**** INFORMATION ****
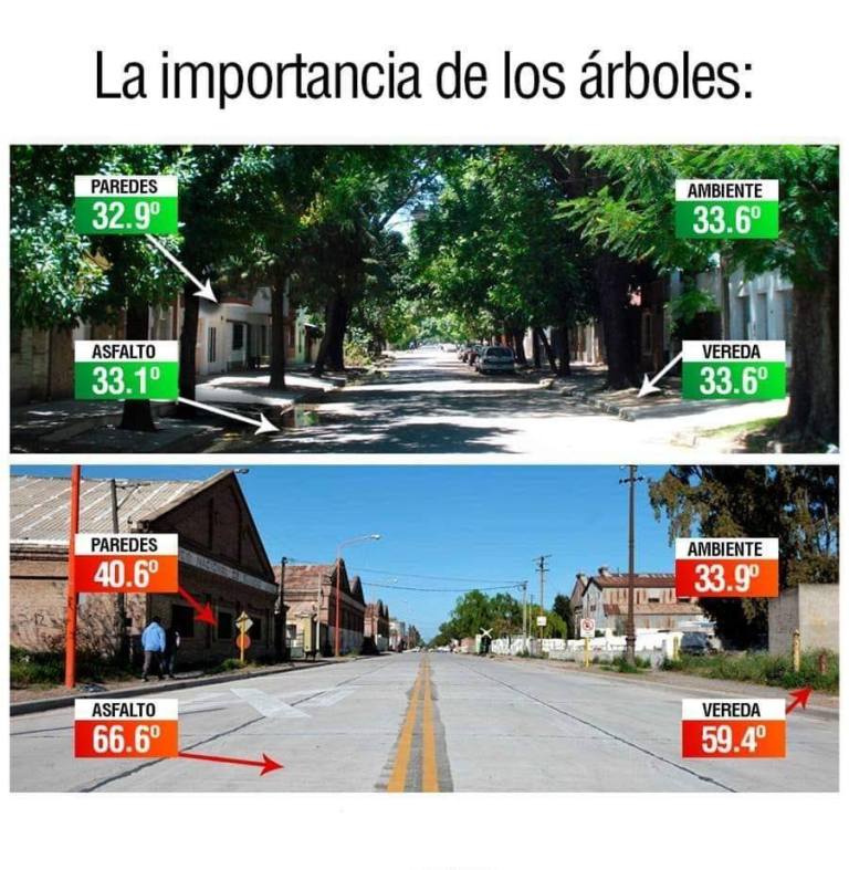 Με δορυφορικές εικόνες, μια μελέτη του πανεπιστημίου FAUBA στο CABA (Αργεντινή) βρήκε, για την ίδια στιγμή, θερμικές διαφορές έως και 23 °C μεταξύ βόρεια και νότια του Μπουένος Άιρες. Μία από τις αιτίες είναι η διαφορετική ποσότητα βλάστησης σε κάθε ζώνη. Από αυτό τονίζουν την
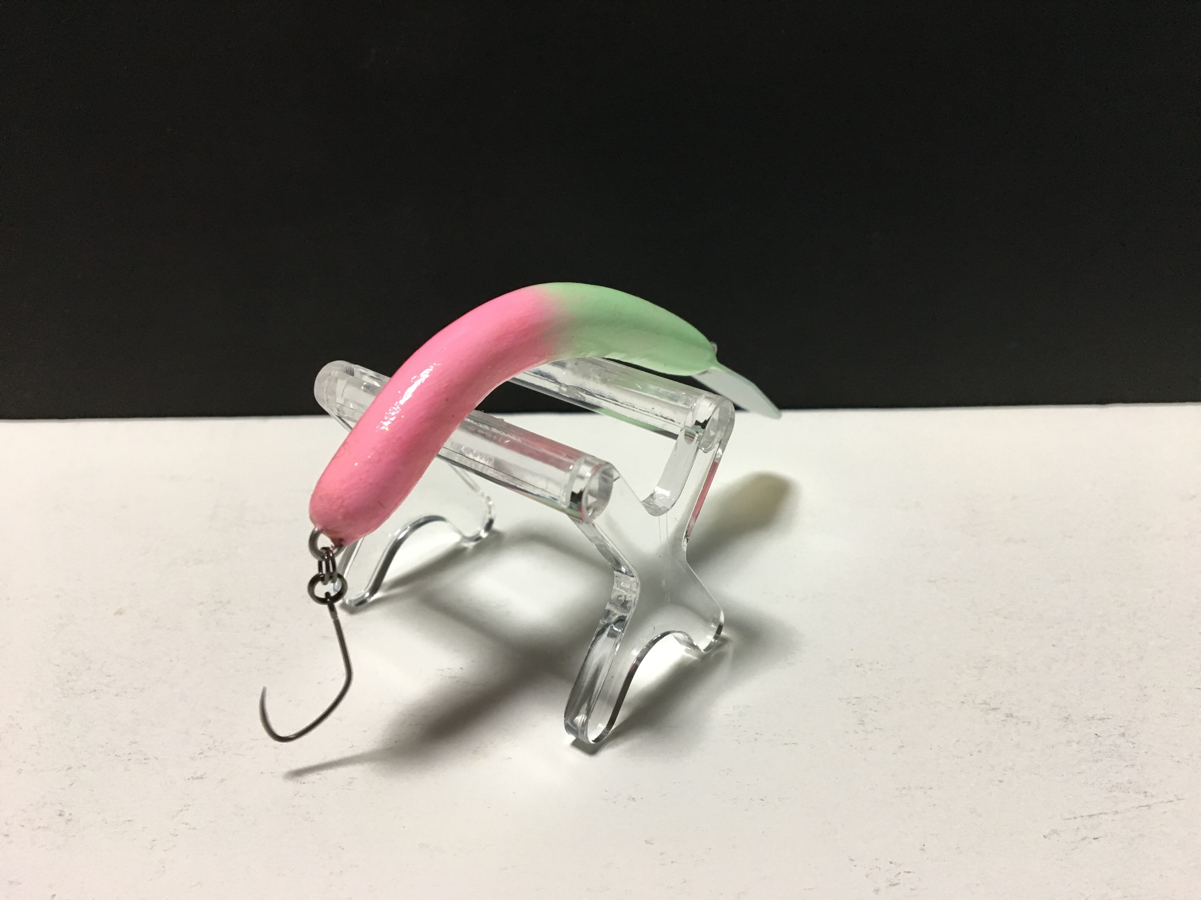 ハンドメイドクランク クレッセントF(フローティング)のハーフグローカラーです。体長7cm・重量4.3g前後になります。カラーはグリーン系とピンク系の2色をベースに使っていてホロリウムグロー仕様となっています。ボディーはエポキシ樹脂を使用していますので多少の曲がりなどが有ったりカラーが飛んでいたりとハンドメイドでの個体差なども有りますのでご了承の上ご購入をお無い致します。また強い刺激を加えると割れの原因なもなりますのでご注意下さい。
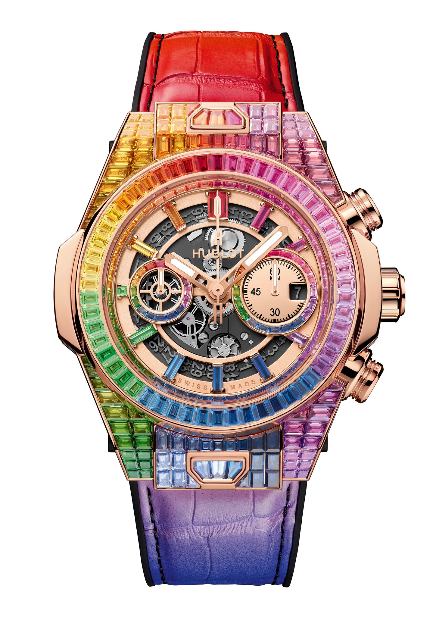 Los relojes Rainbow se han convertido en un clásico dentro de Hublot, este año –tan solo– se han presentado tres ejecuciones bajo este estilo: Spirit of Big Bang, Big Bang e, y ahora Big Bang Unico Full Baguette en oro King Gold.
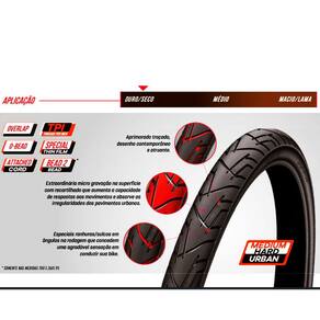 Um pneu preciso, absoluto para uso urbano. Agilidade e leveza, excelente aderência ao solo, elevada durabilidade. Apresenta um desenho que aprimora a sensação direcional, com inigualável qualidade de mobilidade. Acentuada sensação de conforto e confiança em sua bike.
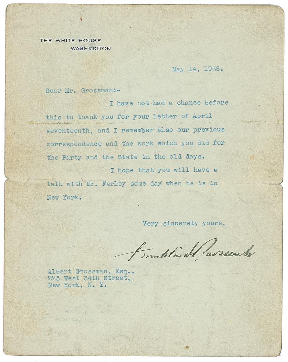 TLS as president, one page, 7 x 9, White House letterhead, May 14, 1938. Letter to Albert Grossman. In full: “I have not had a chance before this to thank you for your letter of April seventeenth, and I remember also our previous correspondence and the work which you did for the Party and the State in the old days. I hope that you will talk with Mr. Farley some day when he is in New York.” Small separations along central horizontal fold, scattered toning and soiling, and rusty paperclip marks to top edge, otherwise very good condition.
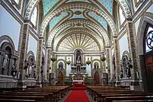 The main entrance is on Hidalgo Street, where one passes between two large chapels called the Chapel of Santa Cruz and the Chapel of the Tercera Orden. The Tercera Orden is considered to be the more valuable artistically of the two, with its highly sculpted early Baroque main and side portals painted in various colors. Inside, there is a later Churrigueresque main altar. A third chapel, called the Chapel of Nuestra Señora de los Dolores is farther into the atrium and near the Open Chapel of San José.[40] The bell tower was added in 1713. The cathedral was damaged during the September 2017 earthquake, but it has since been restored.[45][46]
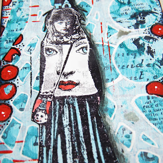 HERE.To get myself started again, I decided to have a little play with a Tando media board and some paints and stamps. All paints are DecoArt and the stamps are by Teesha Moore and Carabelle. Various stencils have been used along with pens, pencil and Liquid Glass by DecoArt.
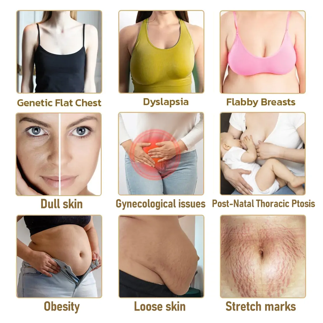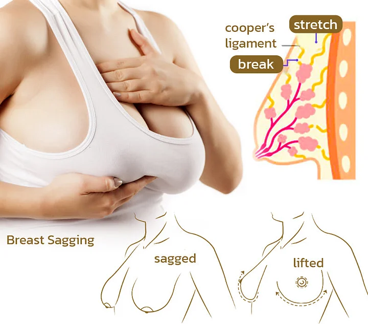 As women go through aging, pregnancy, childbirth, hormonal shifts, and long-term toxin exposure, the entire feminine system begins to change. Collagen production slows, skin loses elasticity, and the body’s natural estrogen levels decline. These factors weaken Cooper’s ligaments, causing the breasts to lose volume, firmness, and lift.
****
> _WHAT YOU HAVE TO DO_
Above are the records. Copy exactly, and only, the lines from the line containing "HERE.To get myself" through the last one, omitting any pictures.

> _WRITTEN SOLUTION_
 HERE.To get myself started again, I decided to have a little play with a Tando media board and some paints and stamps. All paints are DecoArt and the stamps are by Teesha Moore and Carabelle. Various stencils have been used along with pens, pencil and Liquid Glass by DecoArt.
 As women go through aging, pregnancy, childbirth, hormonal shifts, and long-term toxin exposure, the entire feminine system begins to change. Collagen production slows, skin loses elasticity, and the body’s natural estrogen levels decline. These factors weaken Cooper’s ligaments, causing the breasts to lose volume, firmness, and lift.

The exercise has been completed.